Tips for Baltic Cruising

| Wednesday, 05 Mar. 2003

VISAS:If you plan to do any independent sightseeing in St. Petersburg, even with a driver, you must obtain a visa before you leave home. Check with your travel agent or the cruise line for visa requirements in other Eastern European ports.

INOCULATIONS:A Tetanus-Diphtheria booster within the last 10 years is recommended; passengers on the Maasdam must provide proof of this before being allowed to disembark in St. Petersburg.

WEATHER:Highly variable. We had hail, blustery winds and warm sunny days. Bring a lightweight coat, dress in layers.

ST. PETERSBURG: Since St. Petersburg is the highlight of this cruise, look for ships that offer two full days in port here.

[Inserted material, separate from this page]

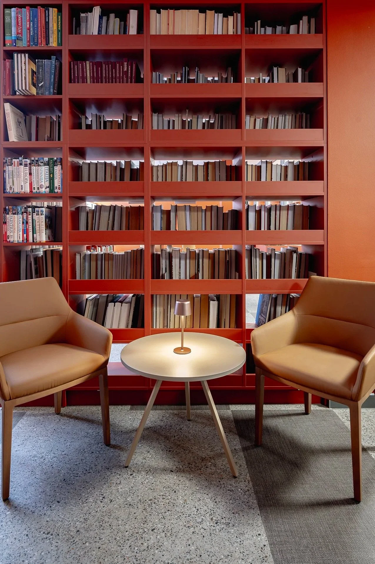 Šio projekto idėja – sukurti biblioteką, kurioje erdvė ir spalva nebūtinai yra tik funkcionalumo išraiška, bet ir aktyvus emocijų kūrėjas. Terakotinės ir kakavinės spalvos sukuria šilumą ir intymumą, kviečia pasilikti ir išgauti iš erdvės daugiau nei tik žinias. „Spalva nėra tik paviršius, ji turi galią pakeisti erdvės esmę“, – kaip sakė architektas Le Corbusier. Šis požiūris tapo pagrindu, kad biblioteka taptų ne tik knygų, bet ir pojūčių saugykla, kurioje lankytojas jaučiasi saugiai, įkvėptas ir atviras kūrybai.

First-time visitors should take a general orientation tour, a tour of the Hermitage and perhaps a half-day trip to the beautiful outlying palaces, Petrodvorets or Catherine's Palace at Pushkin.

There has been considerable press coverage about street crime in St. Petersburg, but none of the passengers on our cruise had any problem. Take sensible precautions of tucking your passport, cash and credit cards into security pouches, leave the jewels, but not your common sense, onboard the ship.

Change only a few dollars into rubles, which you will need, if you're exploring on your own, for entrance fees. Twenty dollars was plenty for us for two days. Some shops don't accept credit cards or traveler's checks.

THE SCANDINAVIAN CAPITALS:City cards are both economical and convenient for independent sightseers. They cover entrance fees into the museums and major sights and fares on the local transportation system; some even include a free sightseeing tour. Twenty-four hour cards cost from $21 to $23 and are available at the local tourist information centers.

COPENHAGEN CRUISE LOUNGE: This lounge is available for passengers in port for the day and it also solves the dilemma of what to do in the period between hotel check-out and embarkation, or between debarkation, hotel check- in or late flights. Cruise passengers can relax with refreshments and international newspapers, stash purchases or belongings in a secure storage area and get dinner reservations and sightseeing information. The lounge is in the Royal Scandinavia Store at Amagertorv 6, in the middle of the Stroget, the pedestrian shopping street.

ONLINE GUIDES: Rough Guides has city profiles for Baltic ports.